Union Interior Minister Amit Shah met with his cabinet colleagues for the coal and energy ministries on Monday.
During the hour-long meeting, the three ministers are said to have discussed the availability of coal for power plants and the current demand for electricity.
The meeting was attended by senior bureaucrats and officials from the state energy company NTPC Limited.
Several states have warned of blackouts despite central government assurances that India has enough coal reserves to meet the needs of its power plants to allay fears of impending blackouts in New Delhi and other cities.
The current fuel supply at coal-fired power plants is around 7.2 million tonnes, enough for four days, the Coal Ministry said in a statement Sunday.
State-owned mining giant Coal India also has more than 40 million tonnes of supplies that are supplied to power plants.
“Any fear of a power outage is completely out of the question,” the ministry said.
The clarification came a day after Delhi’s Prime Minister Arvind Kejriwal warned of an impending power crisis in the megacity of more than 20 million people.
Several regions in India have been hit by supply shortages in recent months, causing utilities to resort to unplanned power outages.
India’s coal-fired power plants averaged four days of inventory at the end of September, the lowest level in years.

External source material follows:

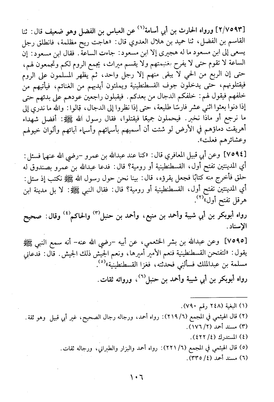 7593 / 2 - وَرَوَاهُ الْحَارِثُ بْنُ أَبِي أُسَامَةَ عَنِ الْعَبَّاسِ بْنِ الْفَضْلِ وَهُوَ ضَعِيفٌ قَالَ: ثَنَا الْقَاسِمُ بْنُ الْفَضْلِ، ثَنَا حُمَيْدُ بْنُ هِلَالٍ الْعَدَوِيُّ قَالَ: "هَاجَتْ رِيحٌ مُظْلِمَةٌ، فَانْطَلَقَ رَجُلٌ يَسْعَى إلى ابن مسعود ما له هجيرى إلّا ابْنَ مَسْعُودٍ: جَاءَتِ السَّاعَةُ. فَقَالَ ابْنُ مَسْعُودٍ: إِنَّ السَّاعَةَ لَا تَقُومُ حَتَّى لَا يُفْرَحَ بِغَنِيمَتِهِمْ وَلَا يُقَسَمَ مِيرَاثٌ، يَجْمَعُ الرُّومُ لَكُمْ وَتَجْمَعُونَ لَهُمْ، حَتَّى إِنَّ الرُّبُعَ مِنَ الْحَيِّ لَا يَبْقَى مِنْهُمْ إِلَّا رَجُلٌ وَاحِدٌ، ثُمَّ يَظْهَرُ الْمُسْلِمُونَ عَلَى الرُّومِ فَيَقْتُلُونَهُمْ، حَتَّى يَدْخُلُونَ جَوْفَ الْقُسْطَنْطِينِيَّةِ وَيَمْلَئُونَ أَيْدِيَهُمْ مِنَ الْغَنَائِمِ، فَيَأْتِيَهُمْ مِنْ خَلْفِهِمْ فَيَقُولُ لَهُمْ: خَلَفَكُمُ الدَّجَّالُ مَنْ بَعْدِكُمْ. فَيُقْبِلُونَ رَاجِعِينَ عَوْدَهُمْ عَلَى بَدْئِهِمْ حَتَّى إِذَا دَنَوْا بَعَثُوا اثْنَيْ عَشَرَ فَارِسًا طَلِيعَةً، حَتَّى إِذَا نَظَرُوا إِلَى الدَّجَّالِ، قَالُوا: وَاللَّهِ مَا نَدْرِي إِلَى مَا نَرْجِعُ أَوْ مَاذَا نُخْبِرُ. فَيَحْمِلُونَ جَمِيعًا فَيُقْتَلُوا، فَقَالَ رَسُولُ اللَّهِ - صَلَّى اللَّهُ عَلَيْهِ وَسَلَّمَ -.: أَفْضَلُ شُهَدَاءَ أهريقت دماؤهم في الأرض لو شئت أدت أُسَمِّيهِمْ بِأَسْمَائِهِمْ وَأَسْمَاءِ آبَائِهِمْ وَأَلْوَانِ خُيُولِهِمْ وَعَشَائِرِهِمْ فَعَلْتُ".

The shortage in India, the world’s second-largest coal-consuming country, follows widespread power outages in China that shuttered factories and affected global production and supply chains.
Coal accounts for nearly 70 percent of India’s electricity generation and around three-quarters of fossil fuels are mined domestically.

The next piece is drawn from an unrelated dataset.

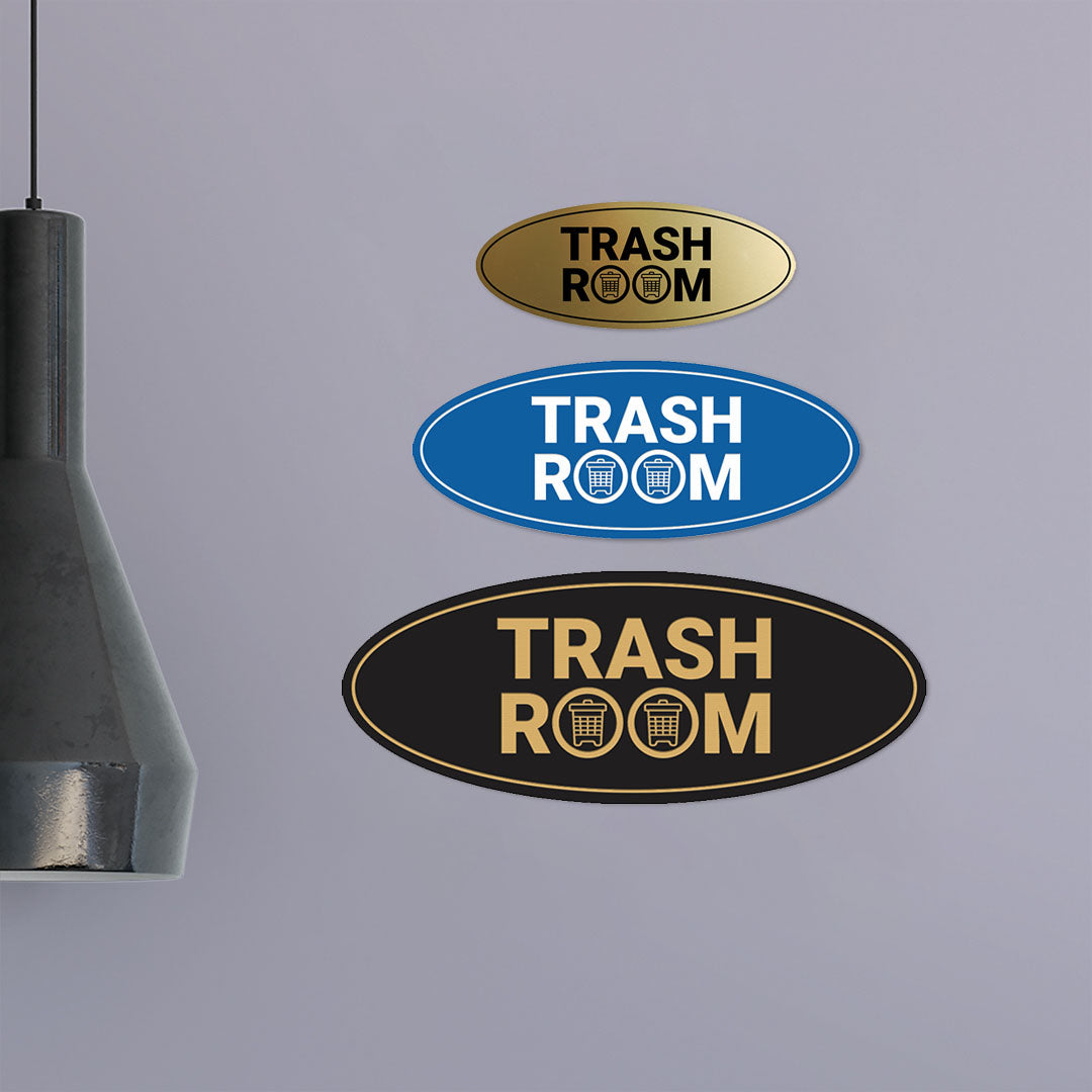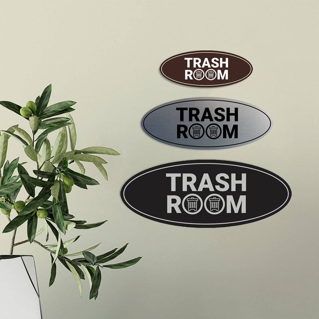Signs ByLITA Oval Trash Room Sign - Laser-Engraved Lettering

As Asia’s third-largest economy recovers from a coronavirus wave, heavy monsoon rains have flooded coal mines and disrupted transportation networks, causing prices to rise sharply for coal buyers , including power plants.
International coal prices have also risen considerably.
However, the ministry was optimistic on Sunday, saying that despite heavy monsoons and a sharp increase in electricity demand, “the domestic supply has been a great support for electricity generation.”